The Attorney General continues the narrative thus:
Mr. Hamner then testified that he saw a still on the property located about a quarter of a mile south of Oden's house in a cane thicket on the bank of a stream. It was a tank type, approximately four feet wide, and would hold about 588 gallons. On January 23, 1959, he saw approximately 527 gallons of mash or beer in the still; that the beer in the still contained alcohol. He saw Oden go to, or near, the still at about 5:20 p. m.

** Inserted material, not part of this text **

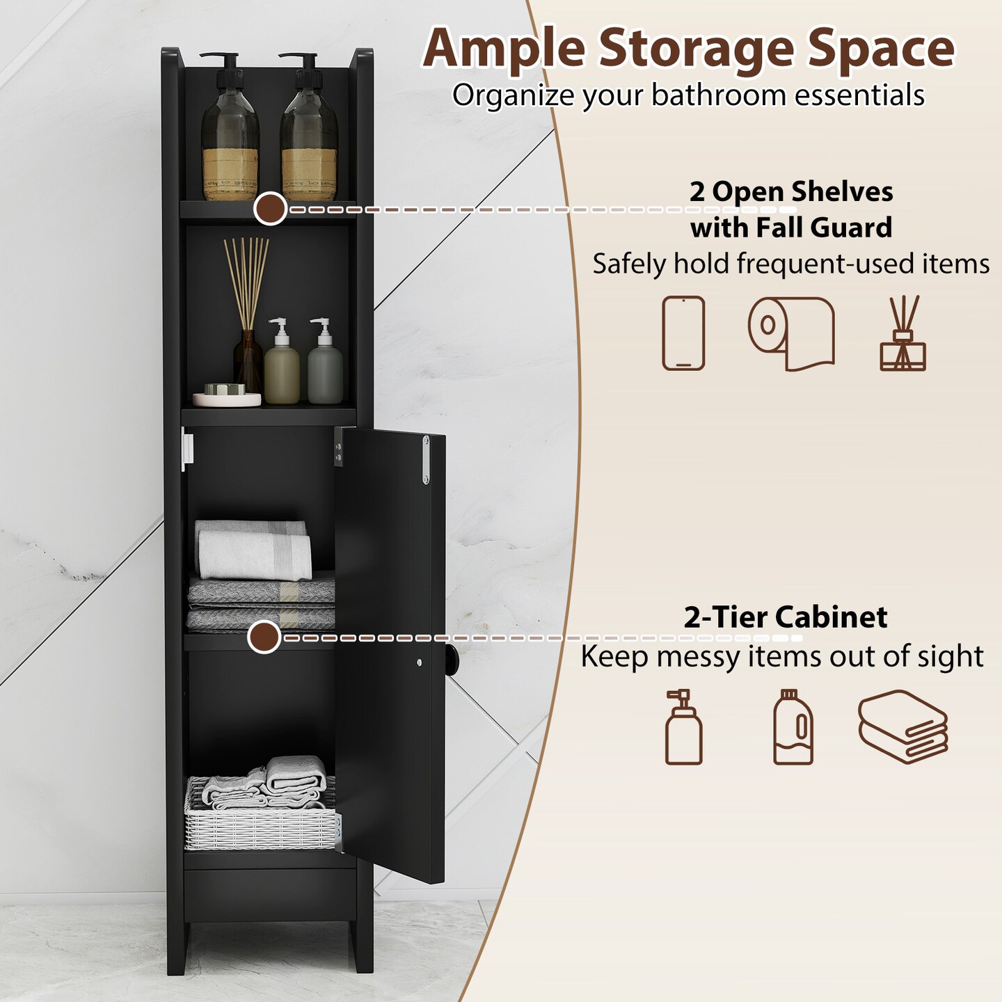 Bathroom Corner Cabinet with 2 Shelves and Magnetic Door

Hamner was, at this time, located across the stream from the still and was viewing the appellant through field glasses. At about 5:20 p. m. he heard a rustling in the cane brake and could see a man moving around the still. The man, wearing blue denim trousers, an "Ike" jacket, and a greasy red leather cap, came across the creek to within ten yards of Hamner and began to pick up wood.
Using the wood he had picked up, he started a fire under the still, put a piece of tin over the furnace and walked back through the pasture to the barn. The man he saw at the still was later identified to him as the appellant.

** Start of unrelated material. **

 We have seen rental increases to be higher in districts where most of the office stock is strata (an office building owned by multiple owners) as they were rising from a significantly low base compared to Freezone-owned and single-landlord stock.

Agent Brewer called to Hamner and told him that they had arrested the appellant, who, when Hamner next saw him, was in custody and wore the same clothing that the man he saw at the still had worn.
A deputy sheriff related (after testifying as to the requisite predicate of voluntariness) that after his arrest Oden told the officers:
"I carried the sugar down there. If you hadn't caught me this time you wouldn't have caught me and I just carried it for another fellow because *382 the water was up and he would have so far to go around. * * * You could make this light on me and let me pay it off."
Appellant, in his brief, argues three points: (1) that the verdict was (a) coerced and (b) a compromise; (2) that, inasmuch as the forms of verdict suggested by the trial judge did not include any form as to count 1, there was error in receiving the verdict of the jury which expressly found Oden guilty under count 1 and not guilty under count 2; and (3) the refusal of requested written charge 35 was error.
We have considered the record as to what is alleged to constitute the coercion. It would seem that the court finished charging the jury about noon and instructed the jurors to go to lunch and return at 1:30. The record is silent until an entry of 5:15 p. m. in which we find the court asked the foreman if the jury had reached a verdict, to which the foreman answered, "Judge, I regret to say we have not."
The court then asked if they would like to go for supper and come back at 6:30 or 7:00 in the evening, to which the foreman replied, "I am afraid it is hopeless." Thereupon the judge stated he was sorry to hear it because he was not willing to release the jury at that time. The instruction on trying to deliberate covers some four pages of the transcript. No objection or exception appears even within the liberal rule of Gidley v. State, 19 Ala.App. 113, 95 So. 330.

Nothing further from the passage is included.